Tcherneva, who first joined the Levy Institute in 1997 as a forecasting fellow, has been a scholar at the Institute since 2007, specializing in modern money and public policy. She is a professor of economics at Bard College and founding director of the Bard-OSUN Economic Democracy Initiative. Her book The Case for a Job Guarantee (Polity 2020), one of the Financial Times economics books of 2020 and published in nine languages, is a timely guide to the benefits of one of the most transformative public policies being discussed today.

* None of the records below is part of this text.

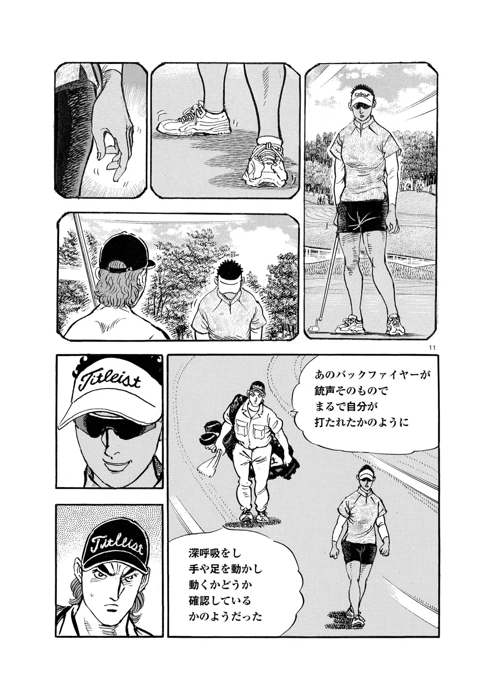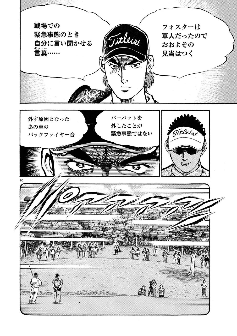 【第75巻あらすじ】ホーライ・ワールド・チャンピオンズ2日目、女子アマチュアゴルファーのロレーナ・フォスターと鳴海一丸の戦いは、マッチプレーの様相を呈する。男子に負けない飛距離を武器に一丸をリードするプレーを見せていたフォスターだったが、米国軍人時代の体験からくる心的外傷後ストレス障害により、微妙にリズムを崩し始めていた。
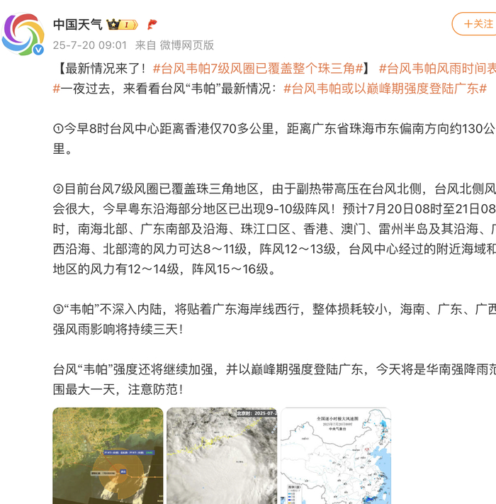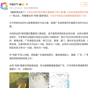 ③“韦帕”不深入内陆,将贴着广东海岸线西行,整体损耗较小,海南、广东、广西强风雨影响将持续三天!
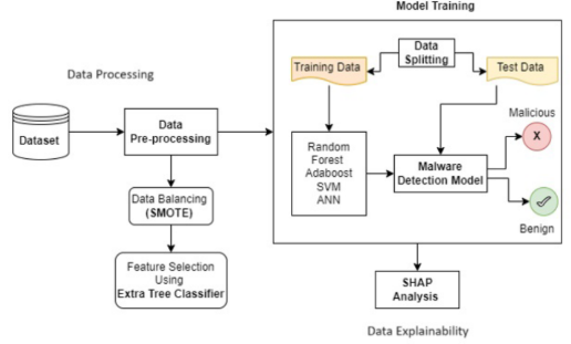 **方法:**论文通过 SMOTE 技术处理数据失衡、Extra Trees Classifier 筛选特征,训练随机森林、AdaBoost 等机器学习模型进行恶意软件检测,并结合 SHAP 框架,通过计算 Shapley 值明确各特征的全局与局部贡献,提升模型可解释性与透明度。
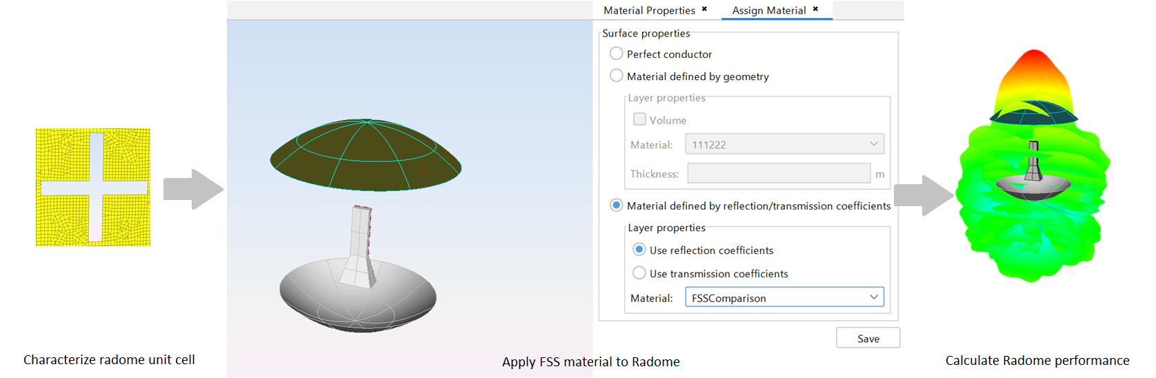 Figure 4. The new workflow for accurate and fast characterisation of multi layer radomes with FSS performance based on pre-characterisation of the radome and FSS as a material.
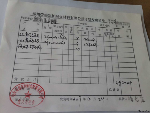 榮盛耐材訂貨發出清單
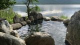 露天風呂は丸い浴槽となり、なんとか3人位は入れる大きさです。
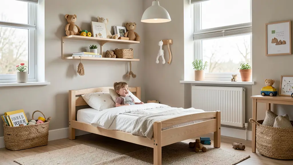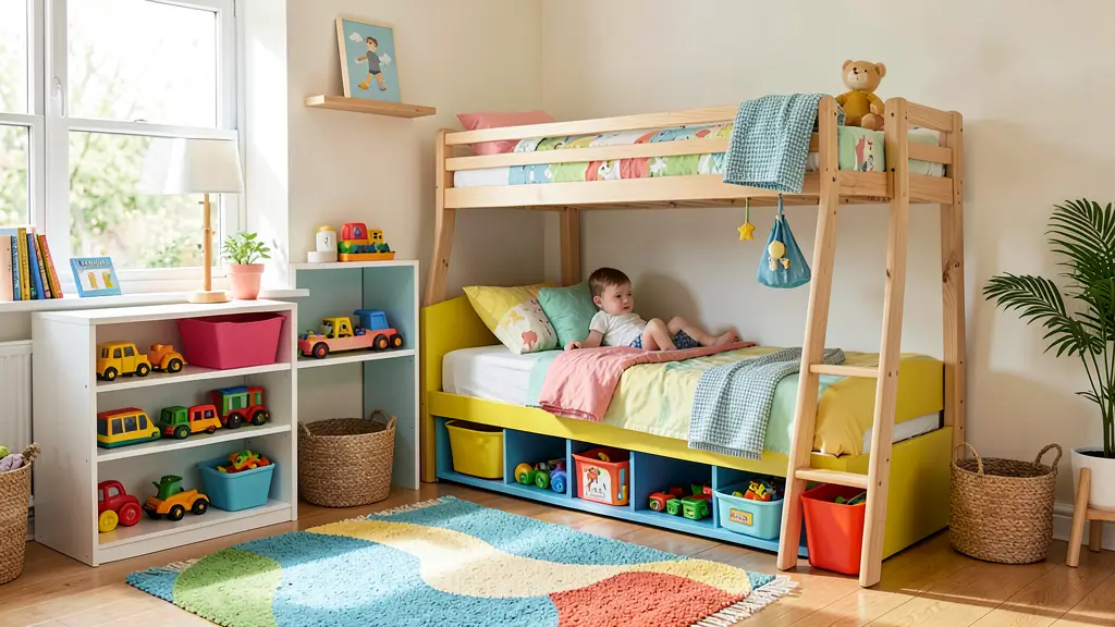 Vertical storage becomes your best friend in small spaces. Think wall-mounted shelves, over-the-door organizers, and bed storage that actually works. The goal is keeping the floor clear for play while maximizing every square inch.
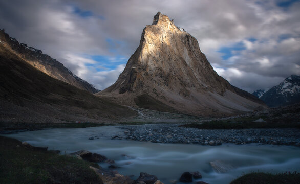 Play of lights and shadows on gumbo Rangjan Peak in Zanskar region of Ladakh, India
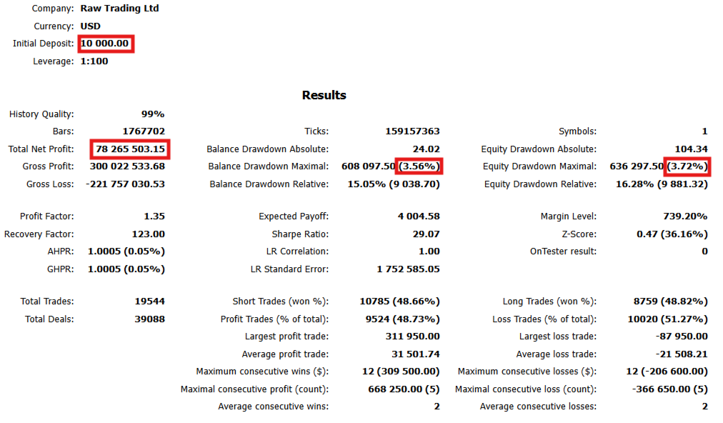 !! Você deve usar uma corretora ECN. Há uma proteção de spread máximo (Max Spread (Points)) nas configurações. Não use plataformas lixo; se usar, não conseguirá abrir ordens e, se abrir, o spread e a derrapagem (slippage) reduzirão seus lucros, e você voltará para perguntar por que a estratégia não dá dinheiro. Não é que você ganha pouco, criança boba, é que seus lucros estão sendo devorados por corretoras gananciosas.
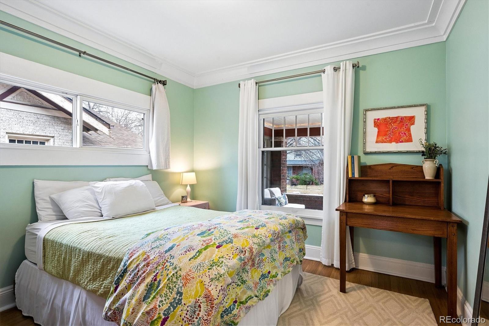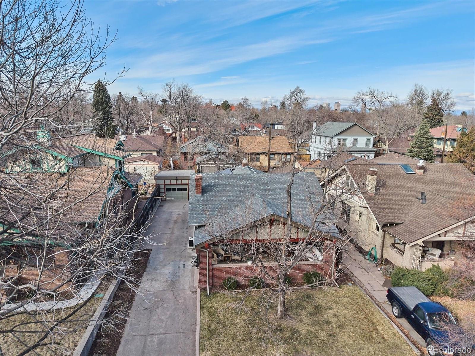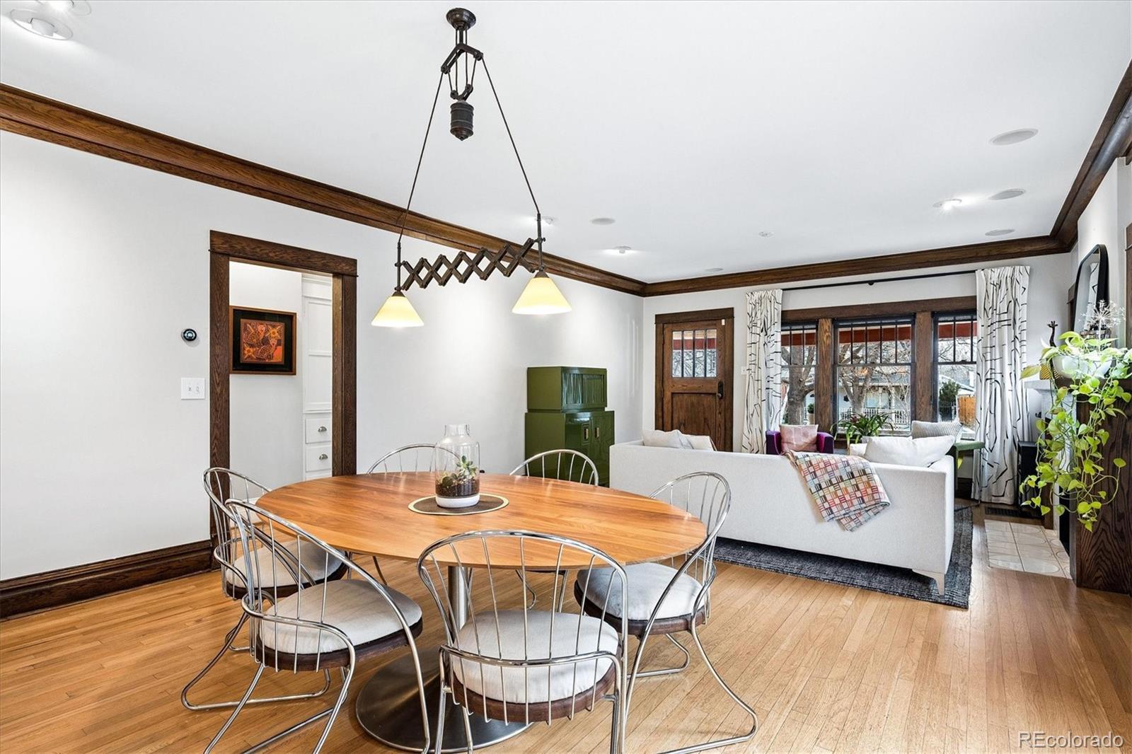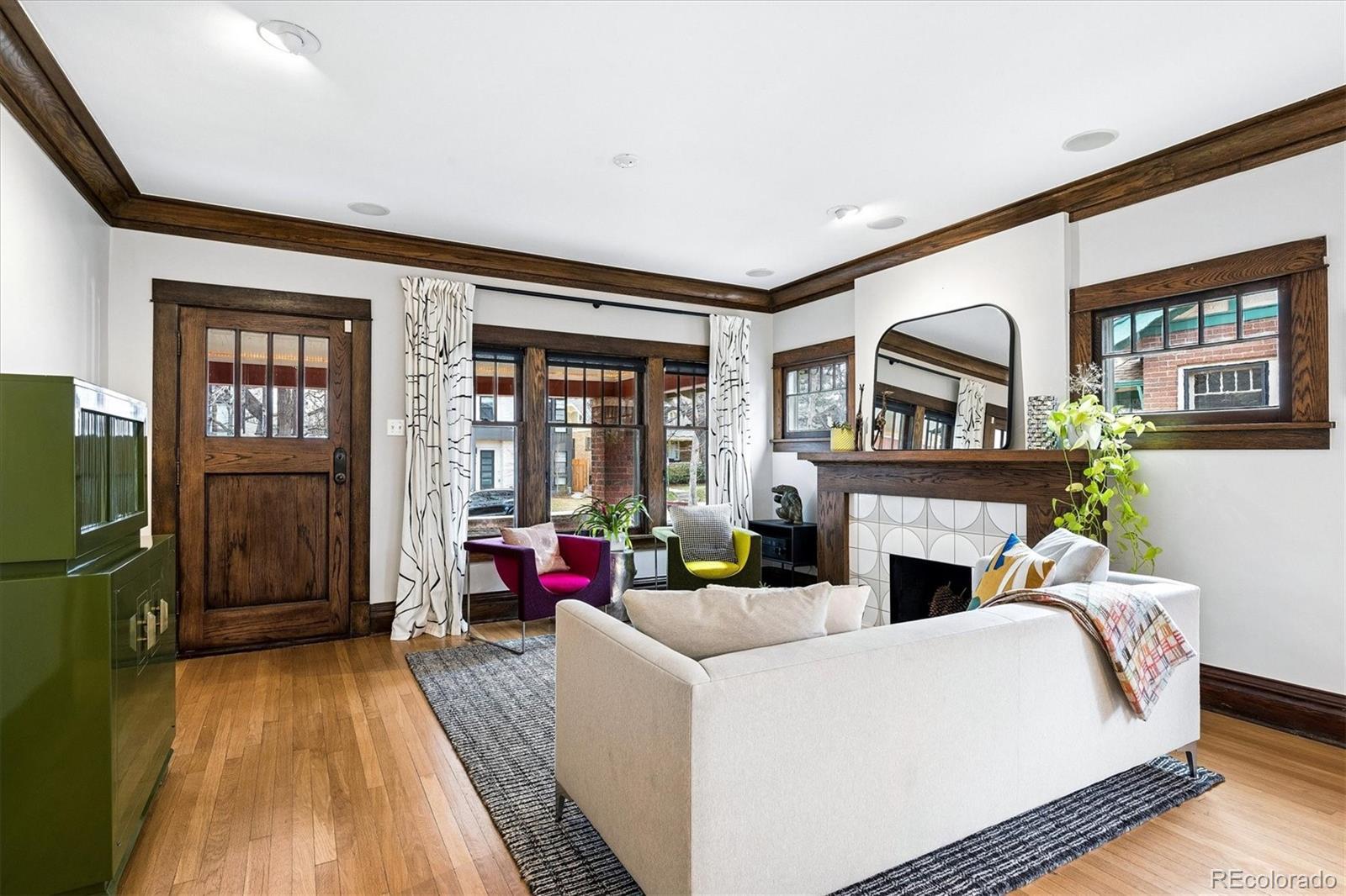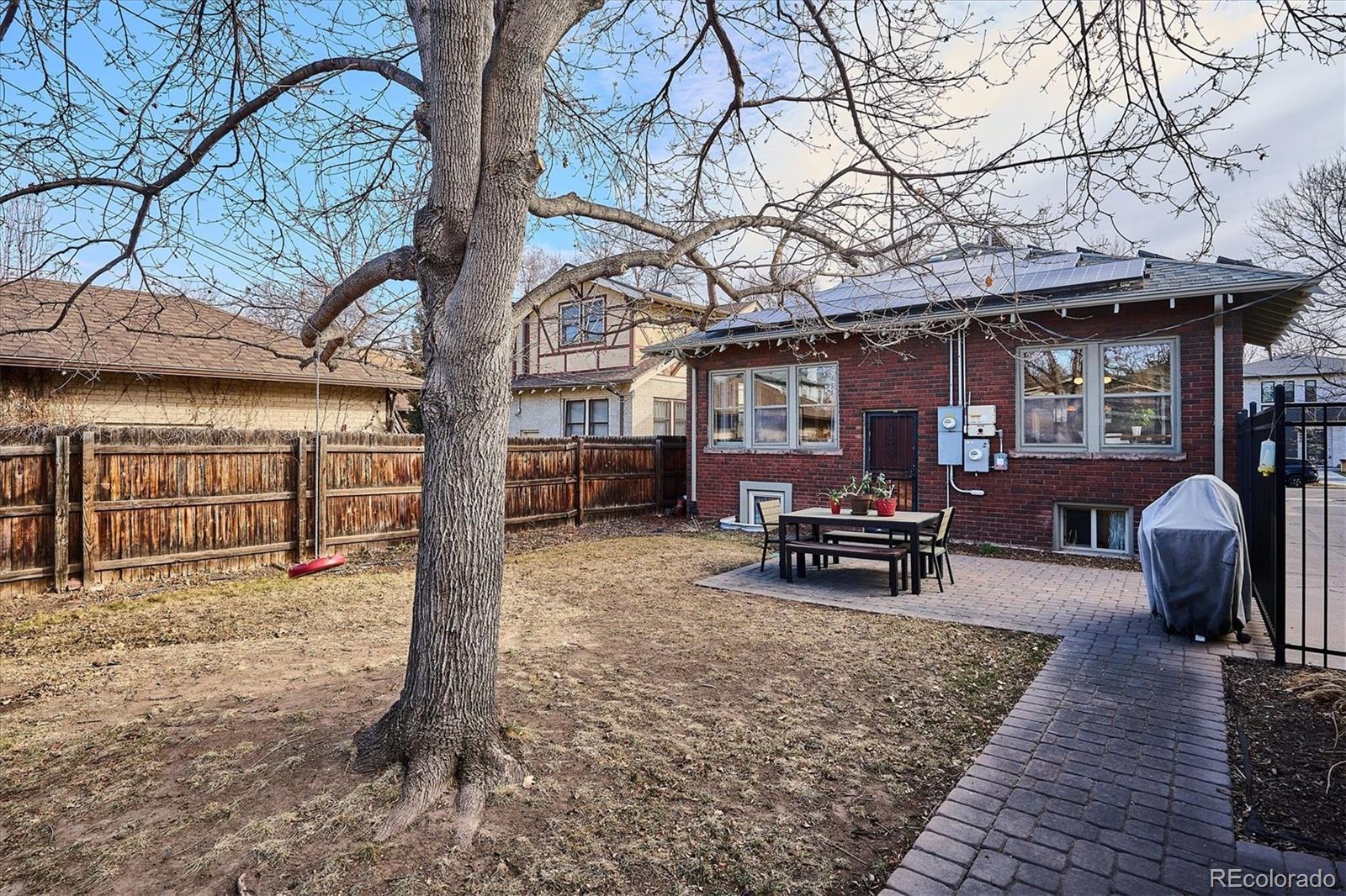 Located in the heart of Congress Park, this beautiful bungalow blends classic character with modern charm. Flooded with natural light, this home showcases original crown molding and hardwood floors throughout. The spacious main floor offers a large kitchen open to the dining room and cozy living room with a fireplace. The main floor also boasts three bedrooms and a remodeled bathroom, with a fourth bedroom and an en suite bathroom in the basement. The layout of this home offers plenty of versatility. A second living space in the basement is great for a media room or playroom. Sitting on a generous lot, the professionally irrigated landscape features mature, region-appropriate perennials and a productive fruit garden—designed for beauty, sustainability, and low maintenance. Eco-conscious upgrades include fully owned solar panels and a NACS/Tesla EV charger, which significantly reduce utility costs. A front-accessible driveway leads to a garage for convenient parking and storage. Enjoy indoor-outdoor living with a large covered front porch, a flagstone patio, and a fully fenced yard, ideal for entertaining or relaxing on a fabulous Colorado evening! Property Highlights: Four Bedrooms, two bathrooms, spacious floor plan, tons of original charm with modern updates, large laundry room with utility sink, and private backyard. This home is just blocks from Congress Park/Pool, the Denver Botanic Gardens, Cherry Creek North, the shops on 9th and CO, along with the historic theaters along Colfax Ave. Easy access to downtown Denver!
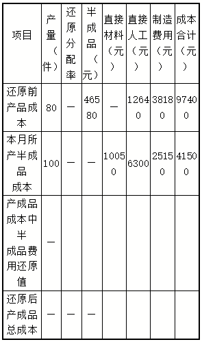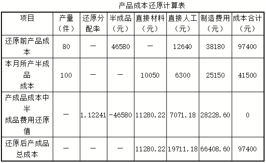 要求:填列产品成本还原计算表(还原分配率需保留小数点后五位,其余结果需保留小数点后两位,尾数差异由制造费用调节)。

“I am honored and energized to take this new role and am grateful to Dimitri Papadimitriou for building a world-class institution that has influenced economic policy in the US and abroad. I am especially excited to support the work of my colleagues whose research has placed the Levy Institute among the most-cited non-profits in the world,” stated Tcherneva. “My mission is clear: to continue to curate cutting-edge research, grow our graduate programs, and amplify the Institute's impact on policy. We have produced some of the most influential work on financial instability, money, inequality, gender, and employment policy and we will continue to make these impacts and expand the Institute's reach.”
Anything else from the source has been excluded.